Artist's Christmas ornaments on sale this week
FORT SCOTT, Kan. -- An award-winning artist will have ornaments he created for sale during a downtown open house from 5-8 p.m., Dec. 20. Proceeds from the sale of Gary Hawk's work will go to Friends of Fort Scott National Historic Site.
The purpose of Friends of the Fort is to support and enhance FSNHS's interpretation of the military post's role on the American frontier from 1842-1873.
Hawk's work has won praise from religious leaders and actors to governors and presidents. In 2007, his one-of-a-kind ornament picturing a courier on one side and officers' row on the other was displayed on the White House Christmas tree in the Blue Room. The ornament was among 391 representing the nation's 391 National Park Service sites.

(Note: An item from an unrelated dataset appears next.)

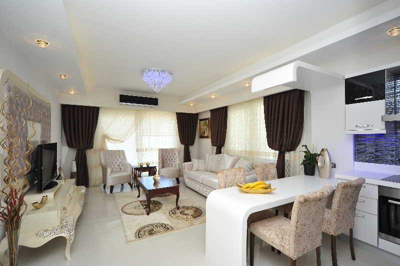 Ubicada en Alanya , esta propiedad es un lugar ideal de descanso y relajación. El Hotel fue edificado en 2013. El Hotel tiene 2 anexos. La propiedad cuenta con un edificio principal con 13 plantas anexas. La propiedad cuenta con 100 habitaciones. La propiedad consta de 5 suites, 80 apartamentos y 5 estudios. Ubicado en el corazón de la ciudad, el Hotel es una base ideal desde la que explorar la ciudad. El Hotel cuenta con fácil acceso al transporte público. El Hotel está a pocos minutos de los principales medios de transporte. El Hotel se encuentra cerca de las principales zonas de entretenimiento de la ciudad. Los huéspedes encontrarán la playa a tan solo unos minutos de la propiedad. El Hotel es accesible para minusválidos. Hay aparcamiento en las instalaciones. Se admiten mascotas de menos de 5 kg. El Hotel admite animales de más de 5 kg.

"I took my wife and three daughters with me," Hawk said. "We had a wonderful time. They had a wonderful reception for the artists."
"... When I got home, I got a plaque from Department of the Interior. It was a fantastic thing to be selected to do the painting," Hawk recalled, adding, "I was a nervous wreck. I work in watercolor. The ornaments were slick and shiny, so I had to get watercolor to stick to them."
He said he made a special rig that would allow him to keep his hand level.
Hawk was born during the Dust Bowl on a farm near Hennessey, Okla., his Web site said. His parents bought a farm in Kansas in 1939 and moved there in 1940. In 1942, they lost everything in a tornado and afterward lived in an old shack with cloth window shades.
He discovered he wanted to paint the window shades. Hawk studied at Kansas State University and the Kansas City Art Institute. He was employed by Hallmark Cards and American Greeting Card Corp. He also worked as a designer for IMP Boats, but left the boat business to devote his time to his art career, the Web site said.
"I just kept pursuing it and pursuing it," Hawk said.
In 1976, he saw a story in an airline magazine about an artist who sold his work for $15,000-$20,000. "I looked at his art," Hawk said, and decided, "that's what I want to do."
He came home and told his wife, Beverly, he was going to make a living at painting and he's never looked back.
The Hawks have three daughters, six grandchildren and two great-grandchildren. Beverly keeps the books while Hawk, who will be 79 on Christmas Eve, travels. He often speaks to youngsters about pursuing their goals. "I never got rich, but rich is many things as far as I'm concerned. I'm doing what I want to do ... ," Hawk said.